Monday, October 18, 2010


CUCUMBERS WANT TO BE YELLOW

You could have knocked me over with a vegetable of just about any kind, excepting maybe a sprout. While at last clearing out the garden for some fall planting and reaping the last of my summer rewards, like hidden tomatoes, secret chard sprigs, fallen peppers, unclaimed potatoes etc., in a fold of the winter netting that during summer is suspended from the east side of the fence (where this year there was a small funnel-shaped paper wasp nest that was attacked by an osuzumebachi that took one larva, that I saw; maybe the whole nest was later wiped out by osuzumebachi since, not long after, it was suddenly abandoned) - this sentence is beginning to take on the multidirectional quality of autumnal garden clearing -

Oh yes... after pulling down the withered cucumber vines I could now see, down in the fold of that net, a long, thick yellow fruit of kind I'd never seen before. I couldn't imagine how it had gotten there, whatever it was. It wasn't a yellow squash, since none of the squashes I planted were climbers; it was too hefty and anyway a monkey would have to have dropped it, and monkeys do not drop priceless whole food items they've gotten a good thieving grip on.

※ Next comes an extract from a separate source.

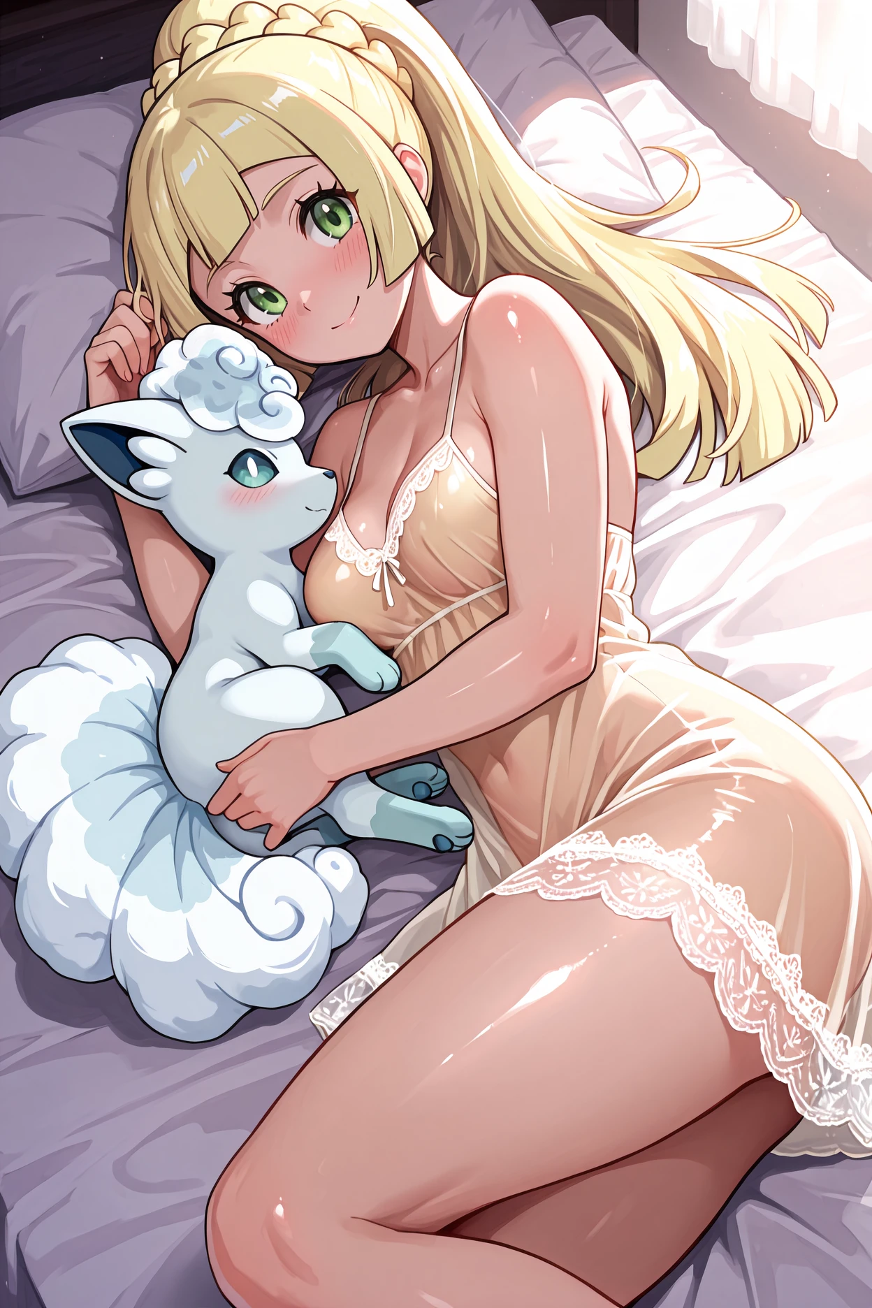 lillie (pokemon), long hair, ponytail, braid, blunt bangs, green eyes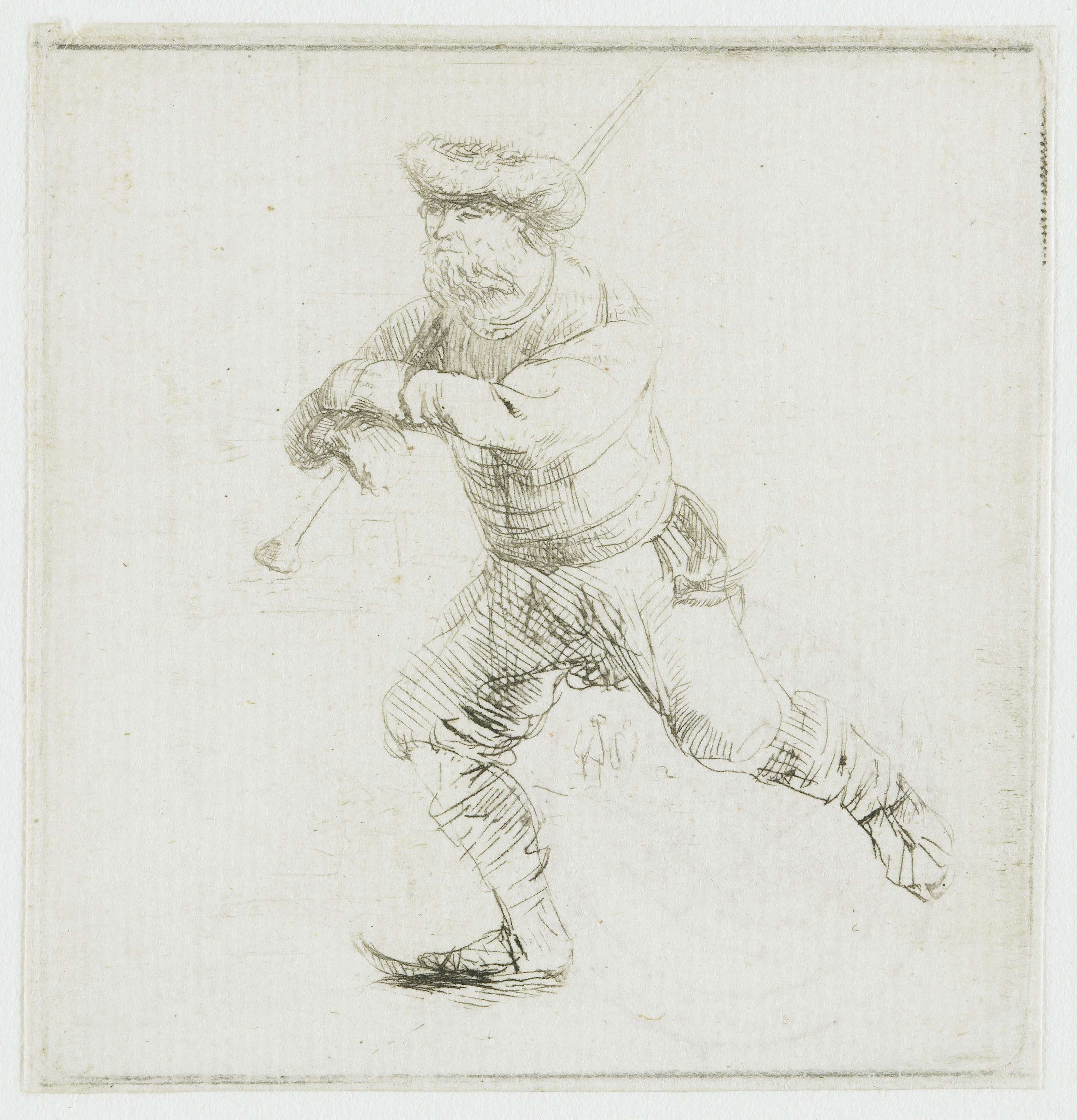 Eerst was Rembrandt vooral gefascineerd door armetierige drommels die van aalmoezen moeten leven. Daarna kreeg hij oog voor ander kleurrijk stadsvolk, dat hij meestal wel op hetzelfde minuscule formaat weergaf. Op deze zes etsjes verbeeldt hij een ouderwets geklede kwakzalver, twee Poolse soldaten, twee straatmuzikanten (een draailierspeler en een violist) en een schaatser.

It couldn't be a goya either, since those climbing vines came up later this summer from last year's fallen fruit, and the new fruits are not yet developed (if they ever do; it's an experiment). So I reached down in the netfolds and got the fruit out; it most closely resembled the yellow straightnecks that were growing in situ on the other side of the garden. I broke it open, found that it was a fully developed cucumber, and realized for the first time the fact of the title.

Always a staggering experience, learning the inyerface things we never had a clue we didn't know.